🤖 AI Summary
This work addresses machine unlearning for image classification in deep neural networks (DNNs). We systematically evaluate 18 state-of-the-art unlearning algorithms across multiple models, datasets, and over 100,000 trained models, establishing the first large-scale, multi-initialization, and multi-attack-perspective DNN unlearning benchmark—incorporating population-based membership inference attacks (MIA) and per-sample unlearning-likeness ranking attacks (U-LiRA). Methodologically, we propose Masked Small Gradients (MSG), a gradient-masking-based unlearning technique, and Convolutional Transposition (CT), a novel architecture-aware unlearning mechanism. Our experiments demonstrate that MSG and CT significantly outperform existing methods in unlearning efficacy, accuracy retention, and computational efficiency. We further identify critical weaknesses in mainstream baselines and introduce NG+, a robust, hyperparameter-insensitive baseline that sets a new standard. Finally, we open-source a unified evaluation framework and comprehensive benchmark results to foster reproducible research.
📝 Abstract
Machine unlearning (MU) aims to remove the influence of particular data points from the learnable parameters of a trained machine learning model. This is a crucial capability in light of data privacy requirements, trustworthiness, and safety in deployed models.
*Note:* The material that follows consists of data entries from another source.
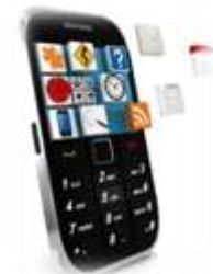
Mobile Marketing, Privacy & Legislation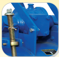
strong gear box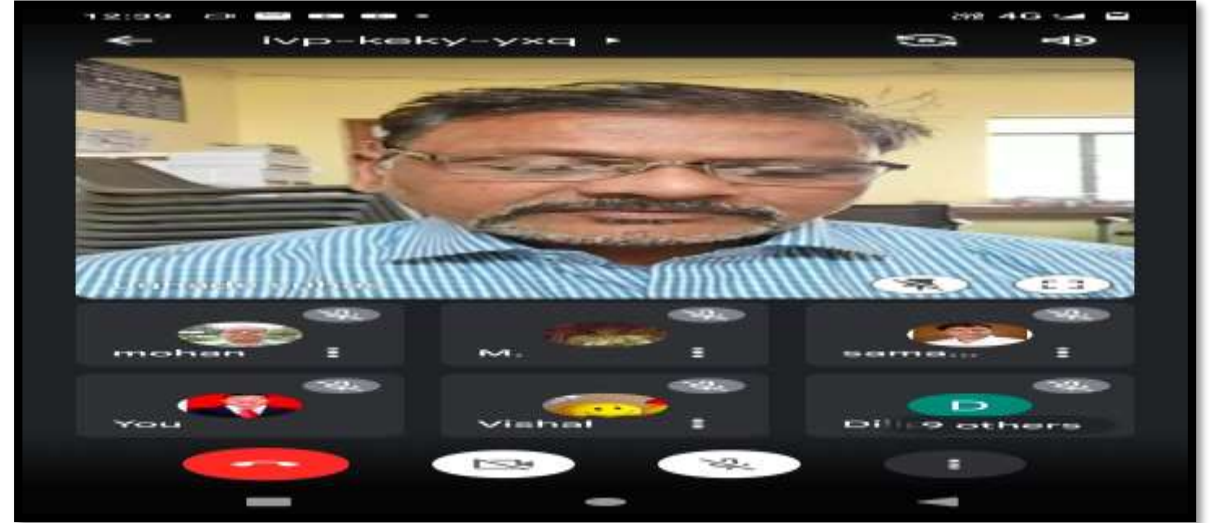
Workshop on New Syllabus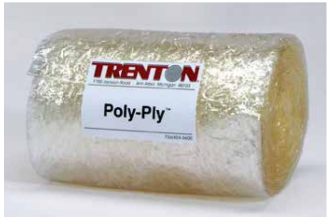
Because Trenton's Poly-Ply™ Outerwrap adheres to itself and is very conformable, it is very easy to apply.

Poly-Ply™ Outerwrap is only one of the outerwraps that Trenton offers to protect it's Wax-Tape® brand of anticorrosion wraps.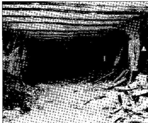
Figure 2.—Gate road supported by resin-grouted cable has already been subjected to first panel loading. Panel 2 is approximately 60 meters (200 feet) in by this location.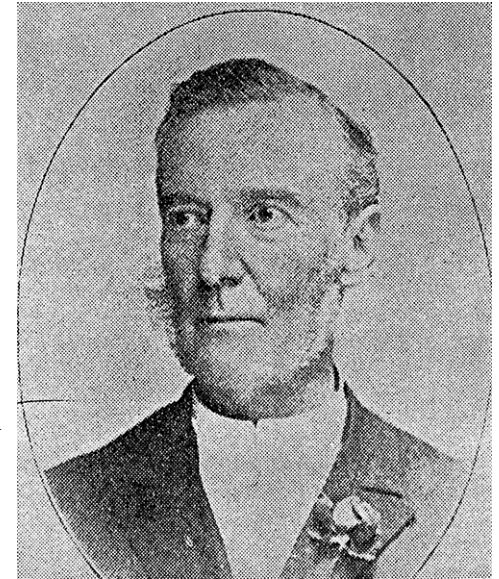
Elisha P. Ferry

Even with all this, he worked as a banker for a time.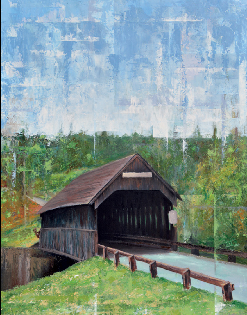
Meriden, NH Covered Bridge | Oil on Wood Panel | 24" x 18"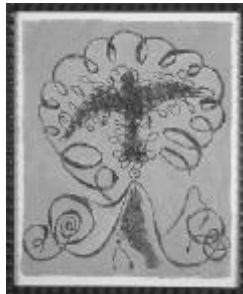
True Blue Birds / 2001 Clayprint ink gouache on paper

Deborah Mersky has developed a visually compelling personal vocabulary of images that emerge through the unique relief process of clay printing. "It is such a direct and simple process, a very responsive and soft relief technique, really, and it continues to occupy me. I find the clay surface to suit me perfectly. It can appear dry and textural, with a look of sturdy roughness that gives character to my work." Mersky's subjects, which include birds, insects, leaves and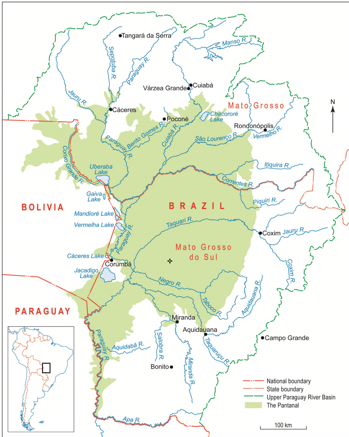
Fig. 1. Location and extent of the Pantanal wetland in South America. The star in the Nhecolândia region depicts the Nhumirim Farm (see Section 2.2 for further discussion); Outline of the Pantanal based on Assine et al. (2015).

(Calheiros et al., 2012; Coelho da Silva et al., 2019). Different authors differ with regards to their assessment in how far these impacts can be mitigated through careful reservoir management, also considering the variation in size among dams (Bergier, 2013; Fantin-Cruz et al., 2015; Zeilhofer and de Moura, 2009), and further research is thus warranted (Coelho da Silva et al., 2019; Sileo-Calzada et al., 2017). Another example are the high levels of mercury in rivers polluted by gold mining activities, which then accumulate in fish and other animals of the local food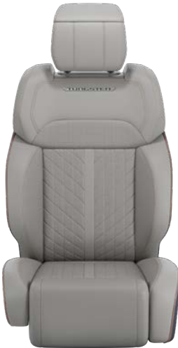
Premium Leather Quilted Bucket— Sea Salt/Indigo Standard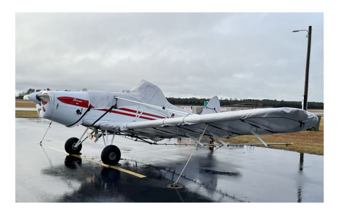
Piper Pawnee Canopy/Hopper, Wing & Empennage Covers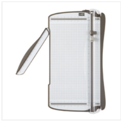
Stampin' Trimmer - 126889

angelstamps@hotmail.com angelstamps1.blogspot.com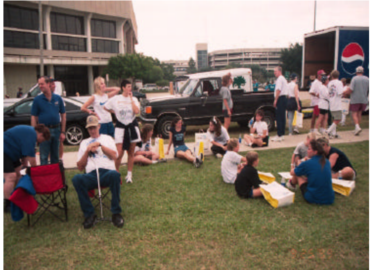
A well deserved rest after the ADA walk

At each home game we will be selling raffle tickets. If you would like to get in on the fun of selling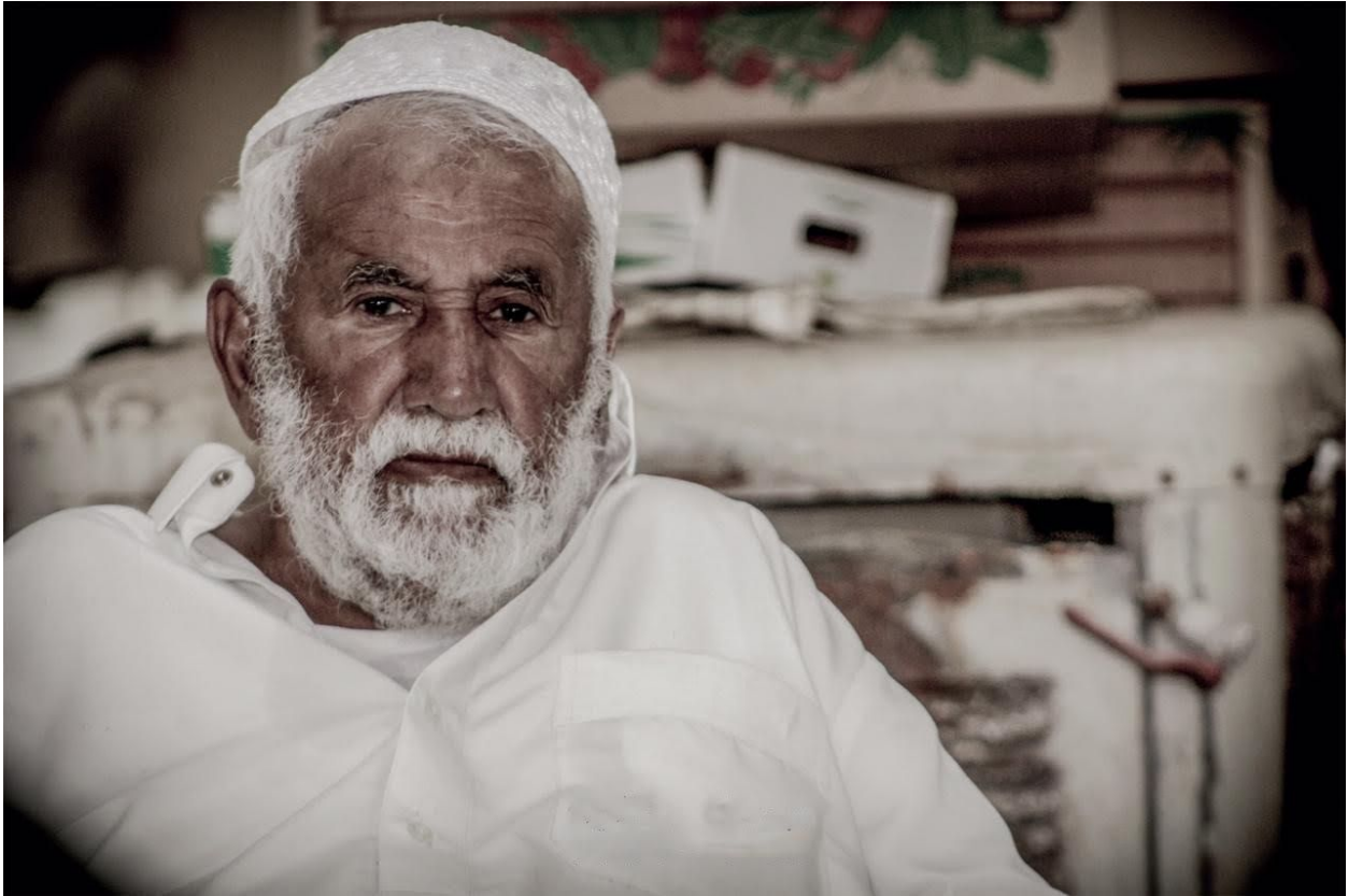
Oldery in The Dates Market, dated 5/6/2017, Unayzah Saudi Arabia via Saudi Green Building Forum 2017-2019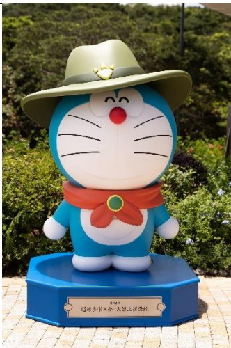
“Doraemon: Nobita's New Dinosaur” (2020)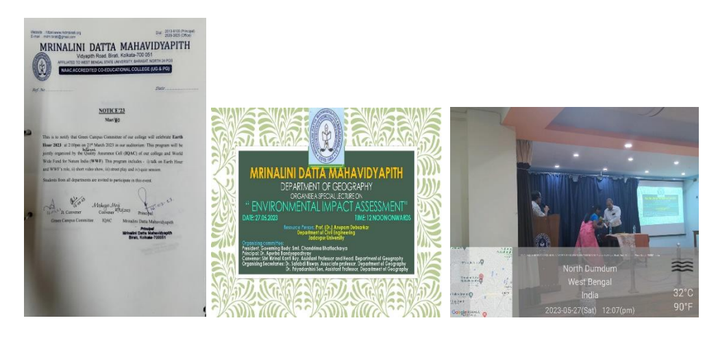
Earth Hour 2023 celebrated by Green Campus Subcommittee jointly organized by the IQAC and World Wide Fund for Nature India (WWF) on 21/03/2023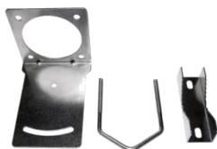
Antenna Adjustable L-Mounting kits

For further details: 4F-1 No. 106, Rueiguang Rd., Neihu District, Taipei City, Taiwan http://www.alfa.com.tw Email: sales@alfa.com.tw Tel:+886-2-27968477 Fax:+886-2-27968478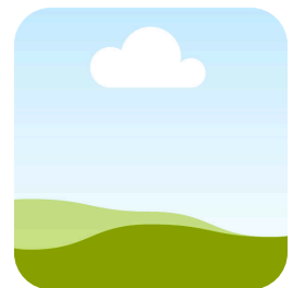
Anna Woodman GP Training Hub Fellow 2026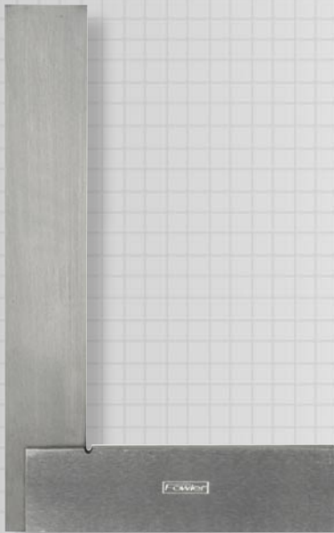
▲ Economy Square No. 52-432-004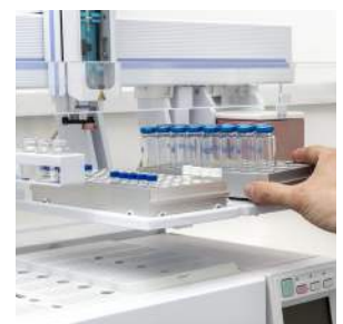
Test and Measurements here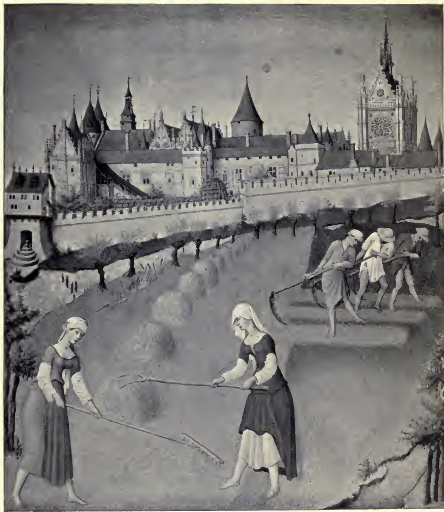
JUNE (LE PALAIS ET LA SAINTE CHAPELLE)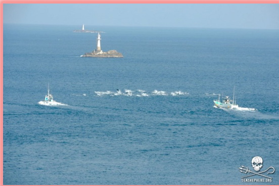
Dolphins being driven back to sea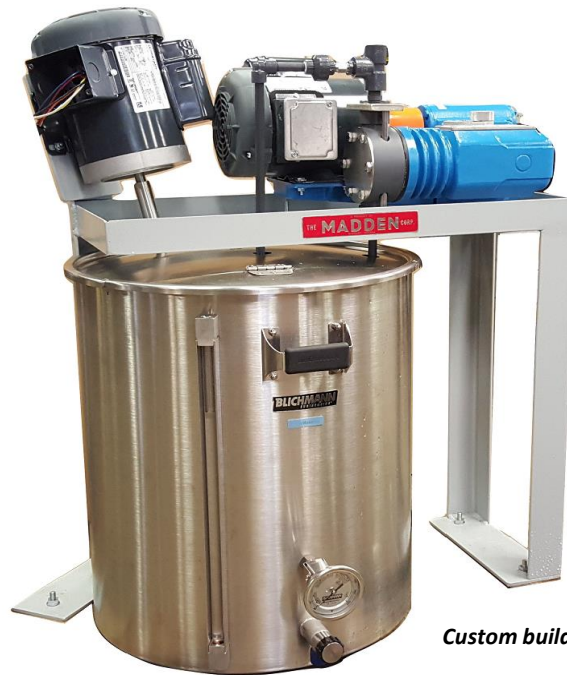
Custom build, chemical feed system

Heavy duty tank and pump systems for practically any chemical addition need.

MU is particularly challenging for deep neural networks (DNNs), such as convolutional nets or vision transformers, as such DNNs tend to memorize a notable portion of their training dataset. Nevertheless, the community lacks a rigorous and multifaceted study that looks into the success of MU methods for DNNs. In this paper, we investigate 18 state-of-the-art MU methods across various benchmark datasets and models, with each evaluation conducted over 10 different initializations, a comprehensive evaluation involving MU over 100K models. We show that, with the proper hyperparameters, Masked Small Gradients (MSG) and Convolution Transpose (CT), consistently perform better in terms of model accuracy and run-time efficiency across different models, datasets, and initializations, assessed by population-based membership inference attacks (MIA) and per-sample unlearning likelihood ratio attacks (U-LiRA). Furthermore, our benchmark highlights the fact that comparing a MU method only with commonly used baselines, such as Gradient Ascent (GA) or Successive Random Relabeling (SRL), is inadequate, and we need better baselines like Negative Gradient Plus (NG+) with proper hyperparameter selection.